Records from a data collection
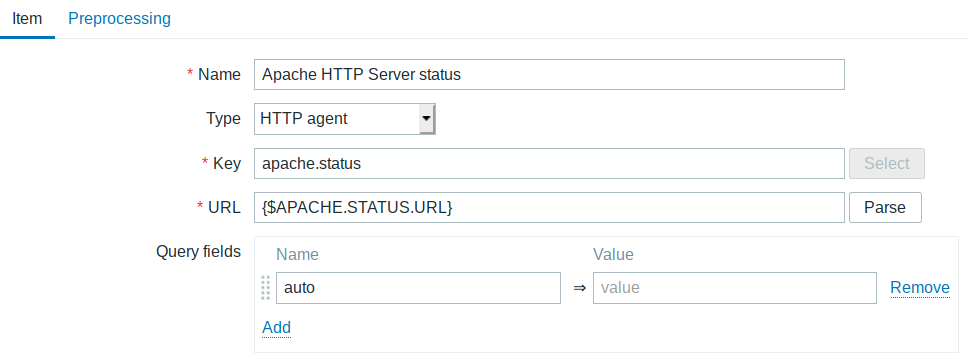 现在让我们看看如何使用Zabbix获得和解析这些数据。方便重复使用这些配置数据,最好创建Apache监控模板。使用HTTP agent监控项类型很容易获得状态数据。将其添加到模板中,将URL设置为用户宏{$APACHE.STATUS}。它的内容可以在主机上被覆盖,并添加' auto '到查询字段。数据将由依赖的监控项解析,因此历史记录可以设置为0,除非您希望保留原始数据的历史记录。
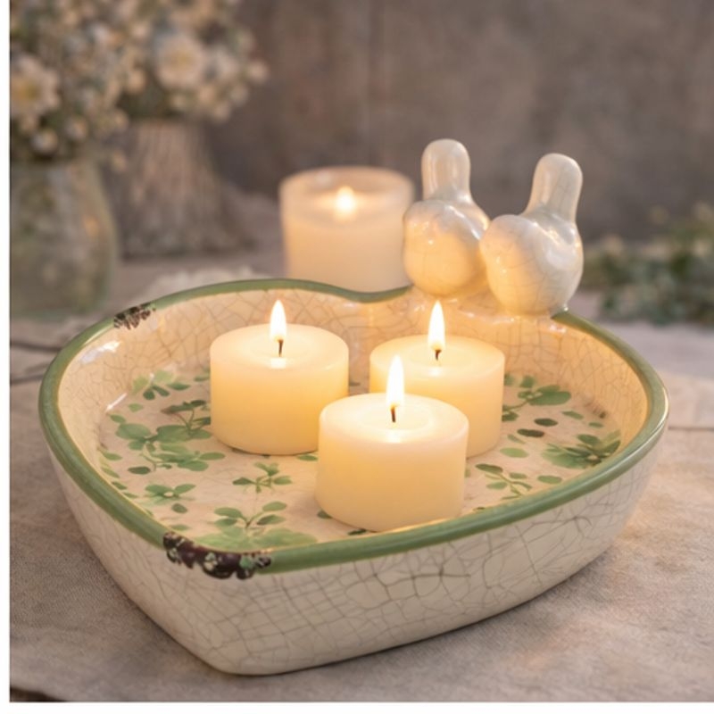 Fuglebadet har en håndlaget hjerteform, blank glasur, blomstertrykk rundt hele verket og krakeleringseffekt. Bredden er 20 cm, lengden 19 cm og høyden er 7,5 cm. Fuglebadet er frostbestandig, noe som sikrer at det er egnet for utendørs bruk året rundt.
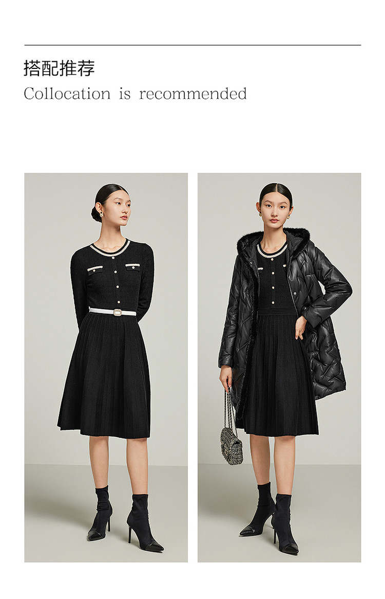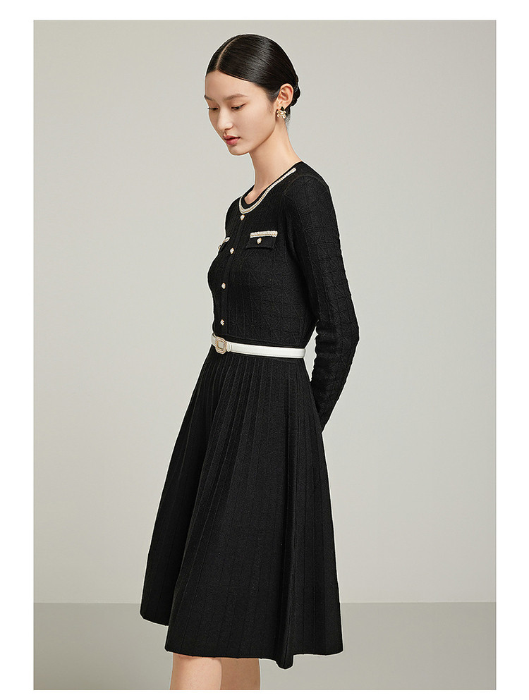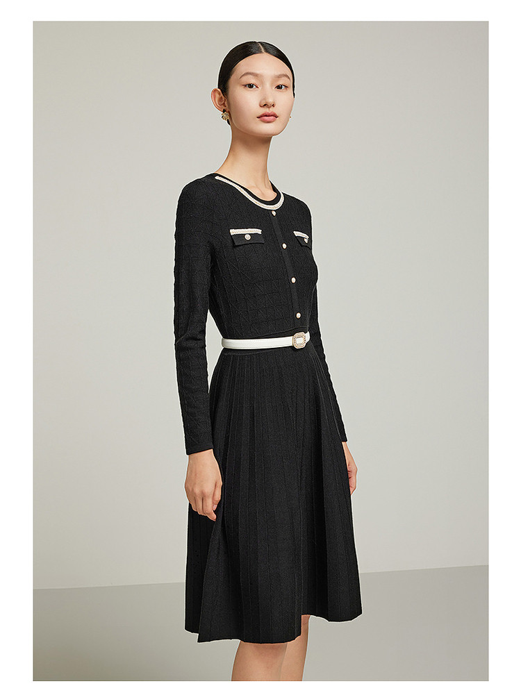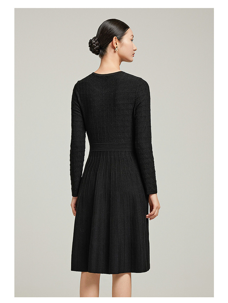 商品名称:小香风复古小黑裙女装冬季条纹肌理羊毛连衣裙 477324
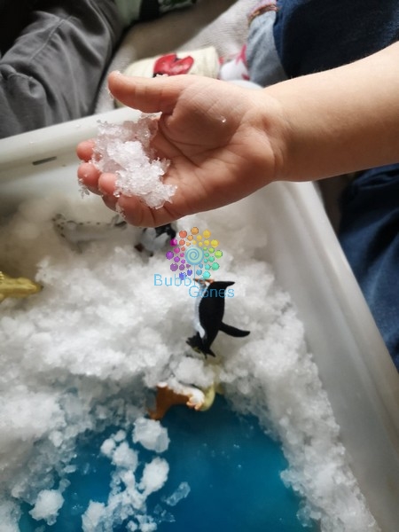 Avec ce deuxième bac, on découvre la texture de la neige : son côté manipulable et friable, avec un côté un peu froid, mais pas trop.
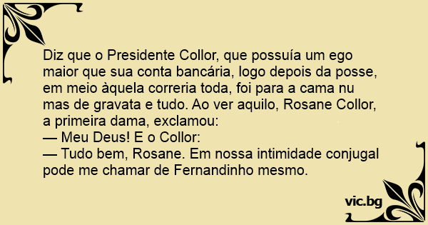 Diz que o Presidente Collor, que possuía um ego maior que sua conta bancária, logo depois da posse, em meio àquela correria toda, foi para a cama nu mas de gravata e tudo. Ao ver aquilo, Rosane Collor, a primeira dama, exclamou:
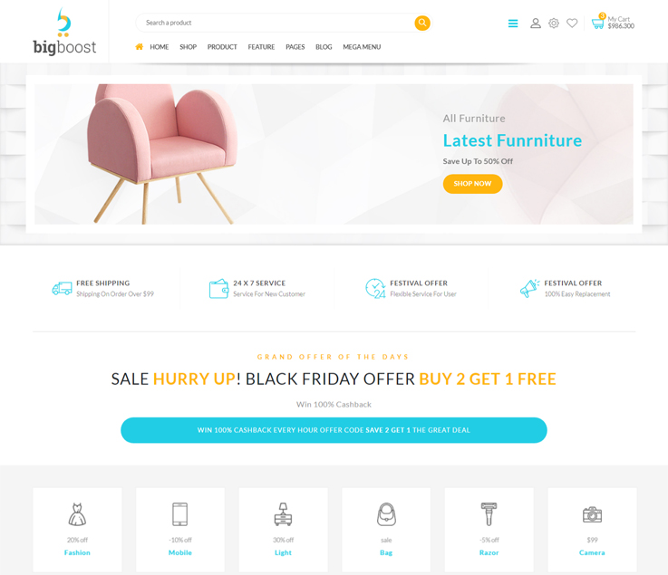 bigboost is Perfect ecommerce shopify multipurpose template for any business. it has all features and modules to create your amazing ecommerce website.
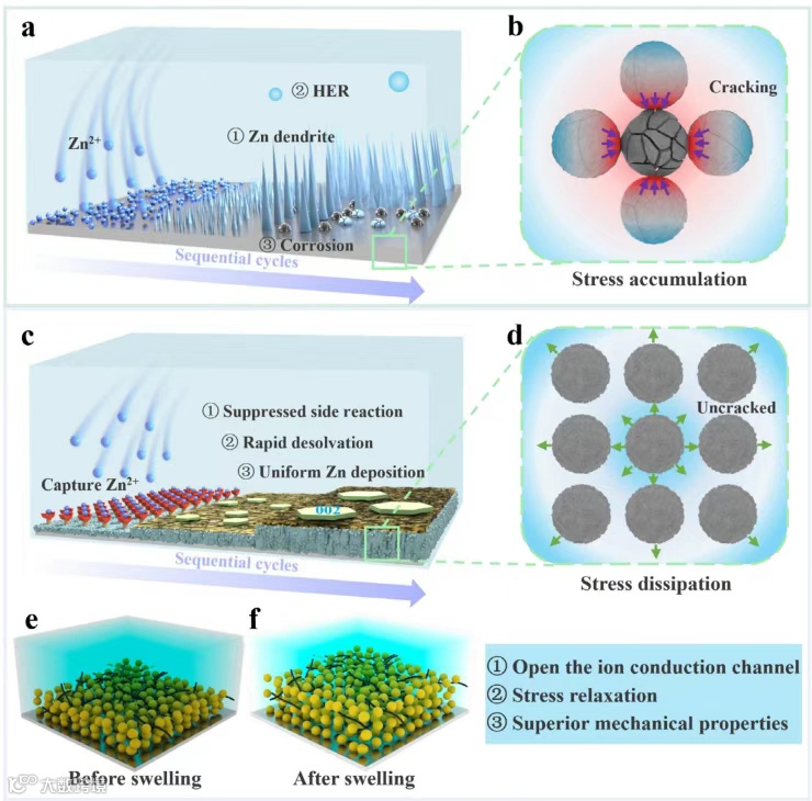 要点2:多维度表征揭示“溶胀驱动的应力消散、离子通道扩展”机制
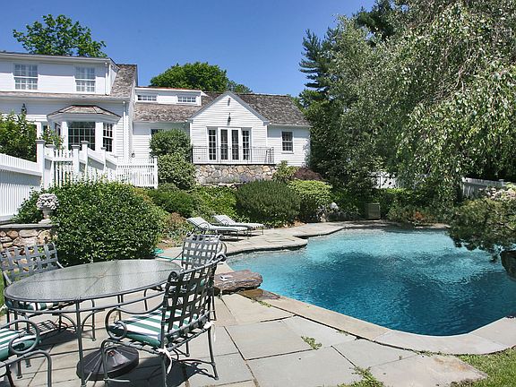 Exquisitely renovated 1940'S connecticut country house on rolling land offers unobstructed views of ox ridge hunt club. Multi-Level terraces lead down to free form pool. Professionally landscaped grounds andAmp; fieldstone walls. His andAmp; hers master baths. Playroom over garage. Wine cellar.
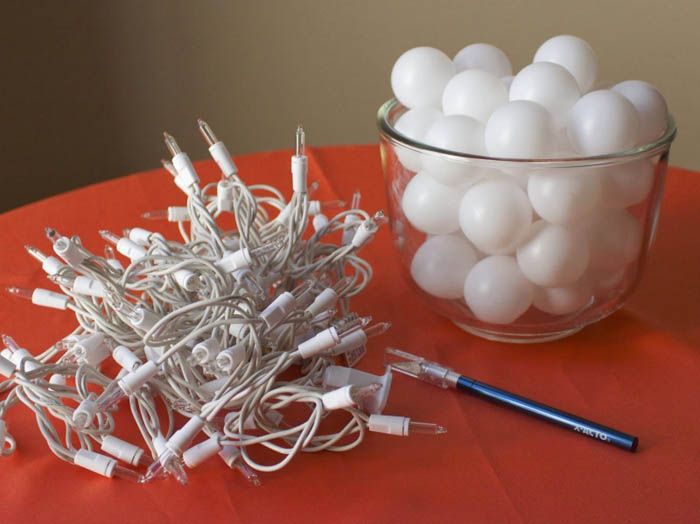 ง่ายแค่ไหนที่จะนำหลอดไฟมาร้อยพวงมาลัยด้วยมือของคุณเอง! เราซื้อลูกปิงปองหนึ่งกล่องและทำแผลรูปกากบาทเล็ก ๆ ในแต่ละอัน
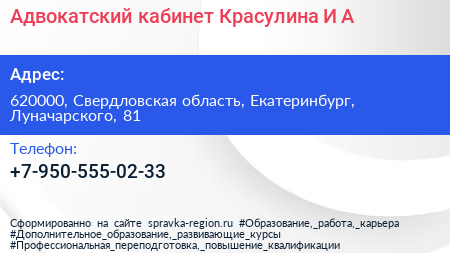 Адвокатский кабинет Красулина И.А. по адресу 620000, Свердловская область, Екатеринбург, Луначарского, 81 в дальнейшем Организация, размещена в следующих категориях:
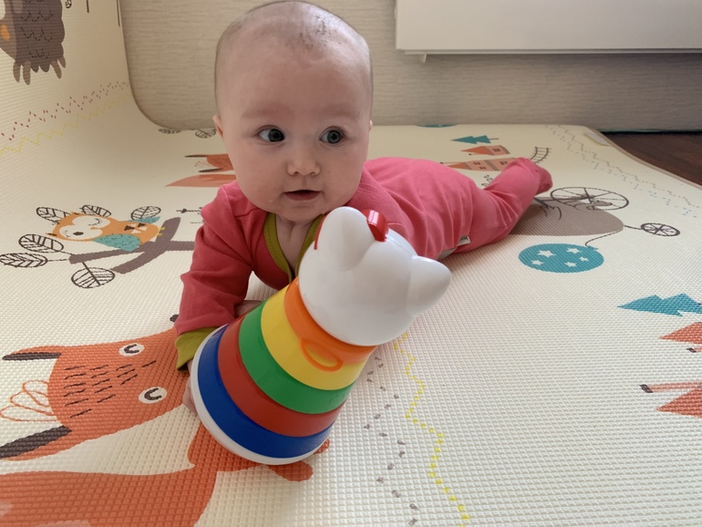 Сон по-прежднему 30 мин. дневной, в день 3-4 раза, иногда на прогулке могу укатать до 1,5-2 ч, но не всегда получается. Ночью просыпается каждые 2 ч., когда через 3- это праздник! Но есть ночи, когда и каждый час, во второй половине ночи. Встаёт в 7-8, спать около 21. Купила игрушку-комфортер для сна, кладу в кроватку, пока мало ее обнимает, больше сосет, приходится отбирать. Засыпает при укачивании, начинаю отучать от негативной ассоциации( участвую в сонном марафоне в Инстаграмм), стало немного получаться, может заснуть просто в руках или с маленькой амплитудой.
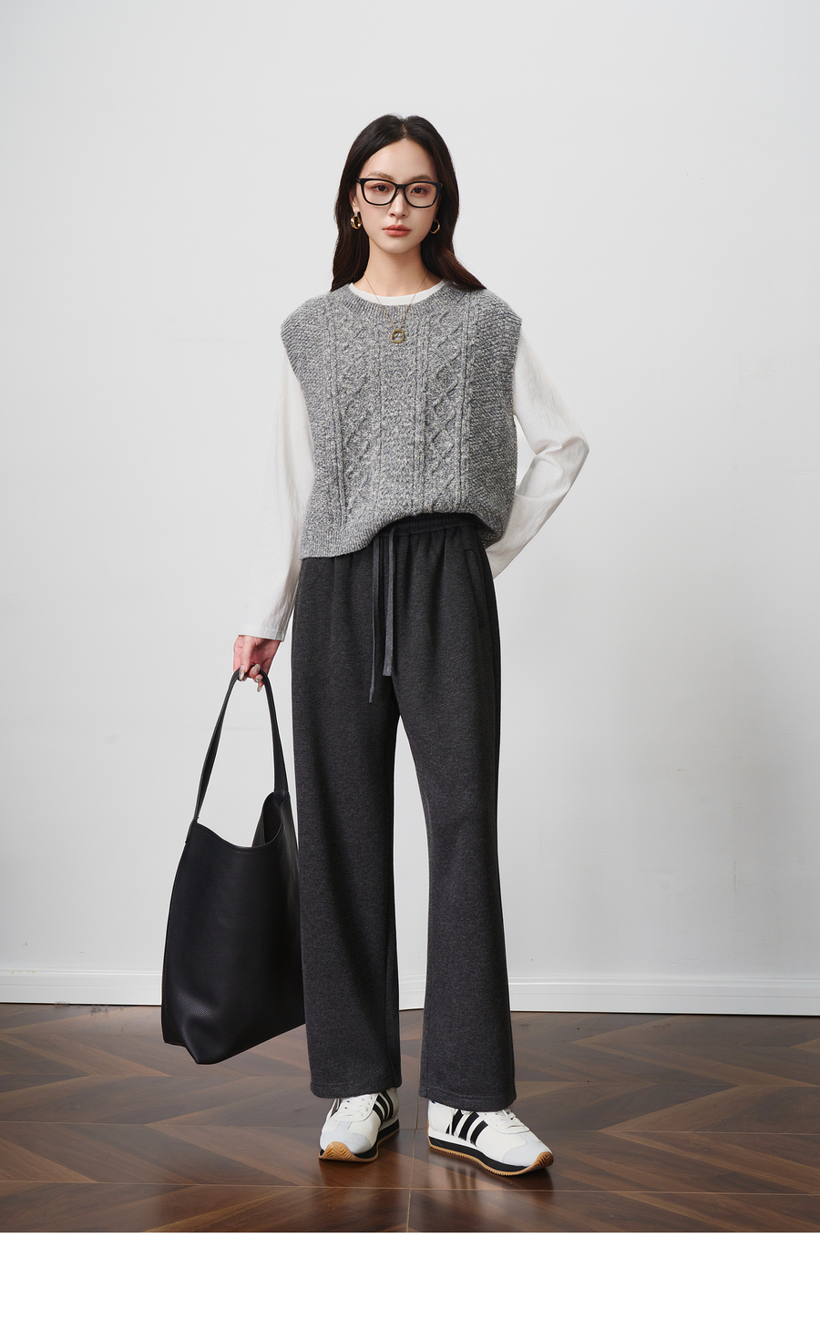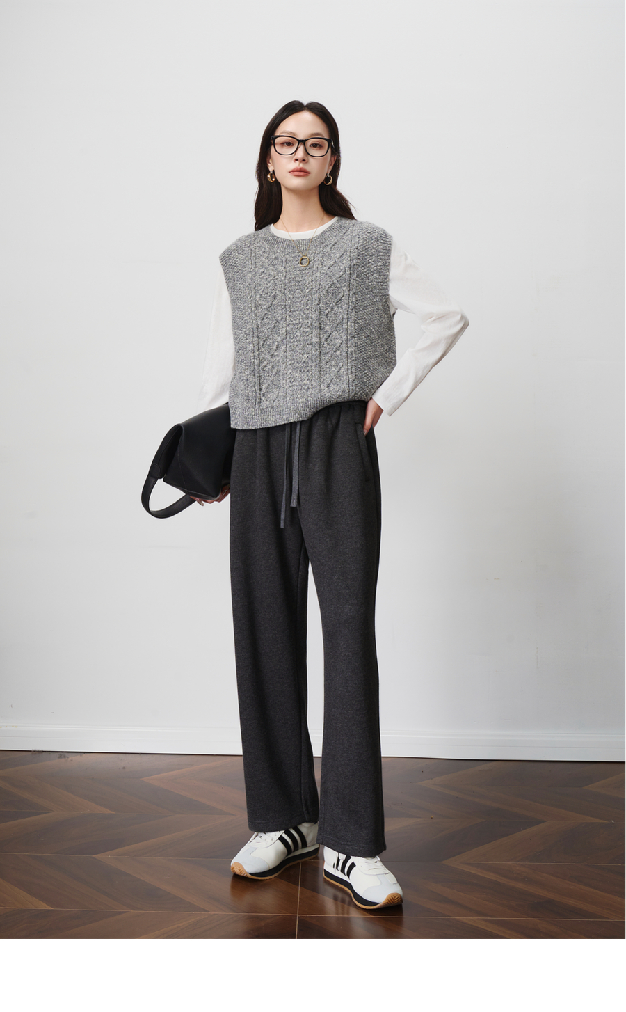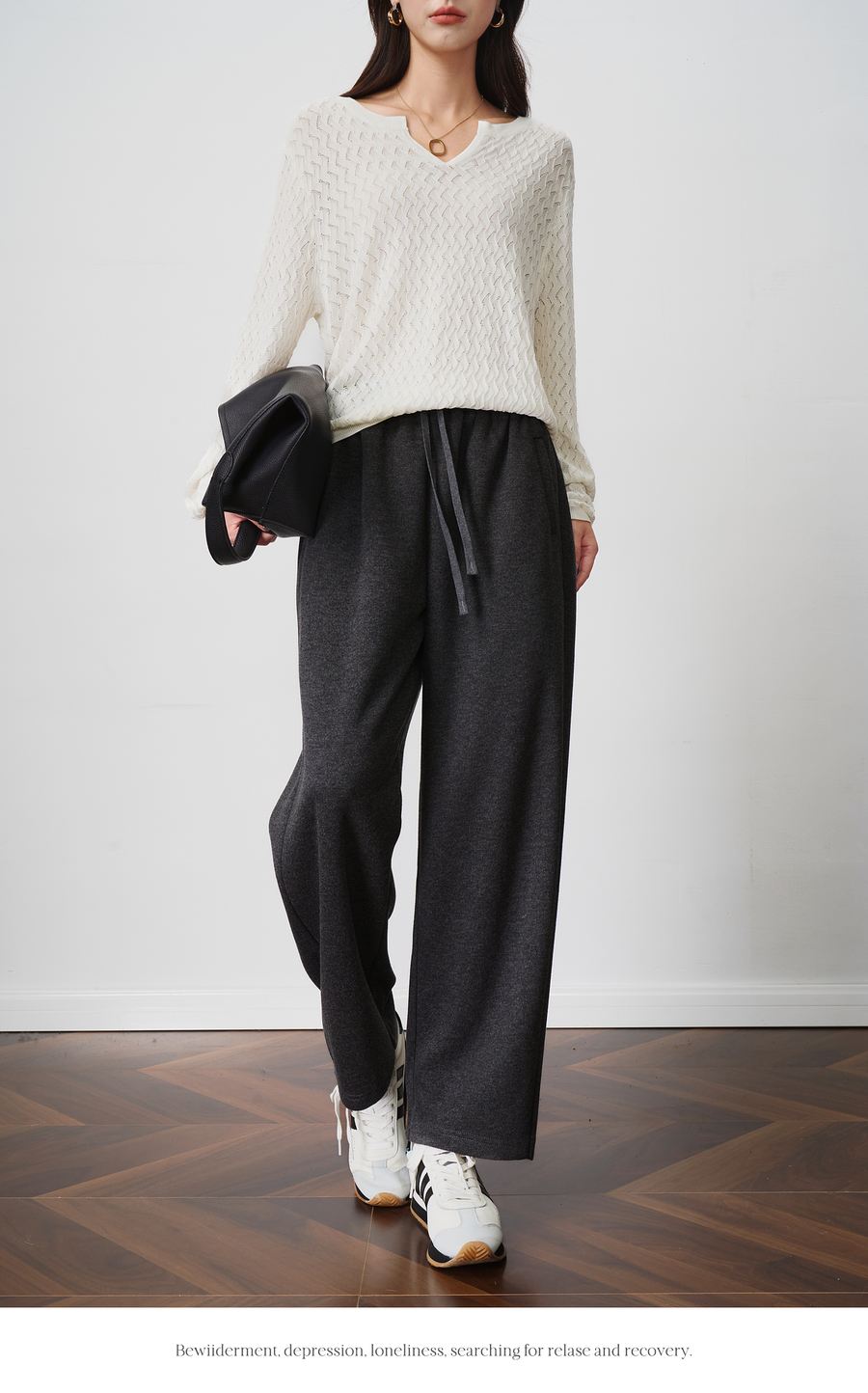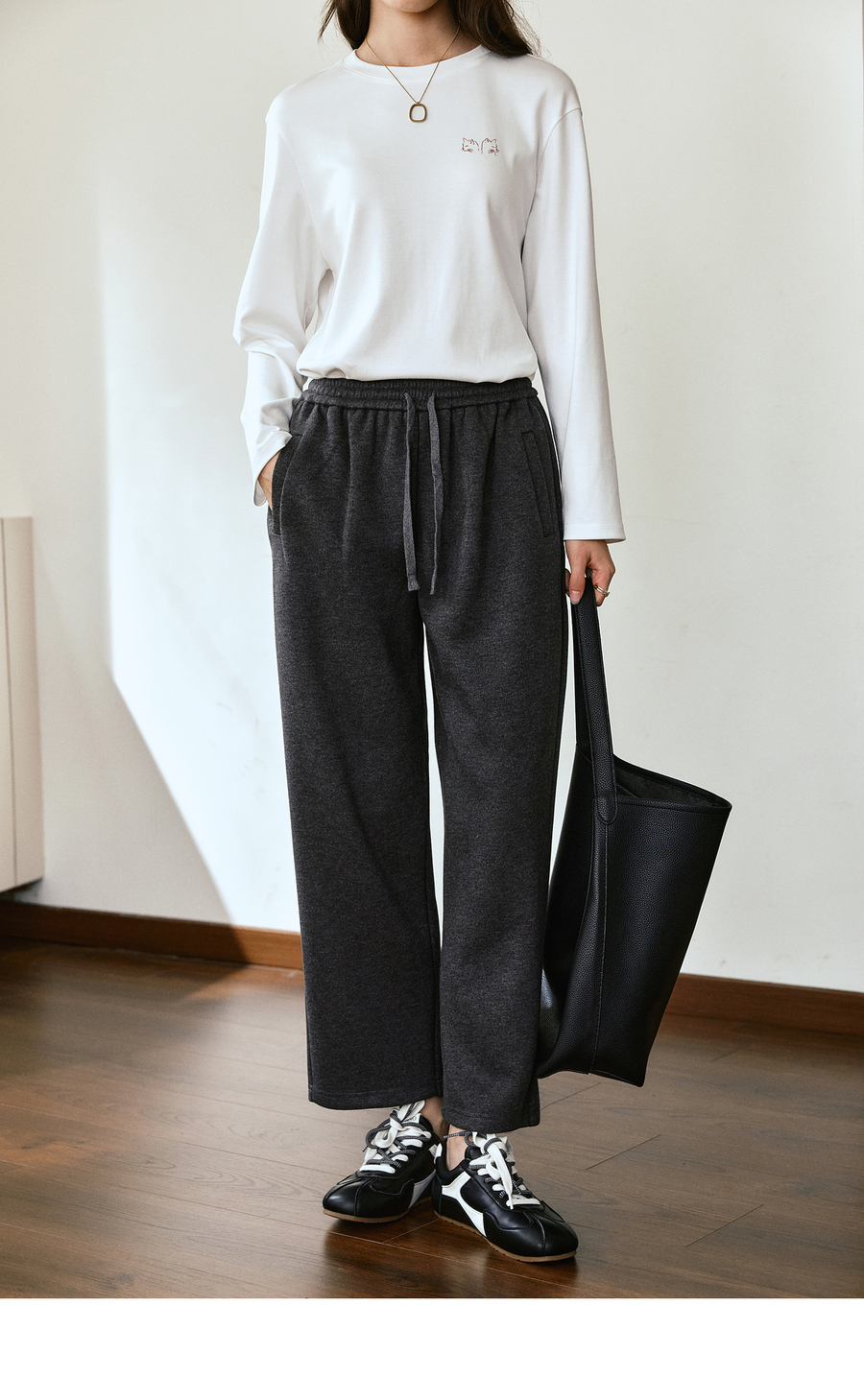 OLrain欧芮儿松紧腰磨毛针织直筒裤女秋季2025新款显瘦抽绳裤子

## [Exercise objective]
Repeat exactly the lines above, beginning at the one containing "เราซื้อลูกปิงปองหนึ่งกล่องและทำแผลรูปกากบาทเล็ก ๆ ในแต่ละอัน" and ending at the one containing "Адвокатский кабинет Красулина". Do not carry over any pictures.

## [Exercise output]
 ง่ายแค่ไหนที่จะนำหลอดไฟมาร้อยพวงมาลัยด้วยมือของคุณเอง! เราซื้อลูกปิงปองหนึ่งกล่องและทำแผลรูปกากบาทเล็ก ๆ ในแต่ละอัน
 Адвокатский кабинет Красулина И.А. по адресу 620000, Свердловская область, Екатеринбург, Луначарского, 81 в дальнейшем Организация, размещена в следующих категориях:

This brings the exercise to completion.